"I also still remember my last experience with military training, which I was not at. When I went for a blue book, a person whose rank I didn't know told me, 'Here's a blue book, but don't think that's the end of it for you. If there is a war, we would call you and you would have to cook. 'And I said,' Well, if there was a war and you called me to cook, it would be over for you. '"
"Initially, we more or less illegally installed only a tableau on the wall in front of the Bory prison, because Václav Havel was actually imprisoned there. It was created due to the fact that the Pilsen City Council was thinking about what to name after him. And I thought that he had basically nothing to do with anything here, except for beer, and except for the Bory prison in which he was held. So it turned out that we first put a small plastic sign on the prison gate at the entrance. The management of the Bory prison then, of course, took it off. I received a letter to come and take it back. Quite tense, I went there with what they would do to me, what would be waiting for me and I was met with a very pleasant and fair approach. They said they had to take it off and would give it back to me. They won't punish or prosecute me. And then we agreed there that if I managed to organize it, that they would agree to place a real memorial plaque, directly on the building of the Bory prison, which we did in about a year or year and a half later. "
"I have such memory from Klatovy, where I also spent one time with the other grandmother. And I lived there that year 1968 when we are talking about those political issues. So I spent that sadly famous August day in Klatovy. And because I had appendicitis, I was taken to the hospital then. Normally they would have tried to solve it, but because there was such havoc around, they directly operated on my appendix. So that was my biggest sacrifice to the occupation. "
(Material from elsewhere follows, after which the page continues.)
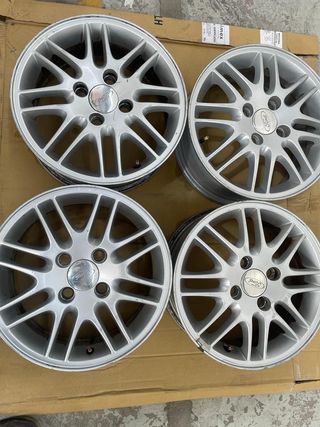Cuatro llantas de 15 pulgadas para Ford. Están en buen estado, aunque muestran señales normales de uso. - Son llantas momo las montaba un escort mk2 rs turbo. Valen para fiesta. Los neumáticos se han de cambiar. Incluye los centradores de aluminio

I signed a „Nekolik vet“, drew cheeky paintings, but I was no dissident
Lumír Aschenbrenner was born on June 23, 1960 in Pilsen. From 1975 to 1979 he studied at the Julius Fučík Grammar School on Odborářů Square, today‘s St. Nicholas Grammar School. In 1985 he graduated from the University of Mechanical and Electrical Engineering. From 1985 he worked in Škoda as an independent professional economist. In addition to his collections of micro poetry and cartoon humour, he published the samizdat magazine Free Life. He participated in concerts of various rock bands and thus earned the attention of the STB. In 1989, he signed the petition A Few Sentences (Nekolik vet). In November 1989, during the Velvet Revolution, he took part in Pilsen demonstrations, printing his own posters. In 1990, he briefly worked as the head of the economic department of the West Bohemian sewers. In 1991–1994 he was a member of the privatization commission for Plzeň-město. In 1991, he joined the Civic Democratic Party and became a member of the ODS Regional Council in the West Bohemian Region. In 1993 he completed postgraduate studies in economics and management. In 1994, he was elected to the Pilsen 2 - Slovany city council, defending his mandate in the elections in 1998, 2002, 2006 and 2010. In 1998, he became mayor of the Pilsen 2 - Slovany city district. In 2014, he returned to the council and was also elected senator. In 2018 he defended the post of representative of the city of Pilsen and MO 2 - Slovany, he became mayor again. In 2020, he also defended the post of the senator. He was responsible for the creation and installation of a memorial plaque in the Bory prison in memory of Václav Havel‘s imprisonment.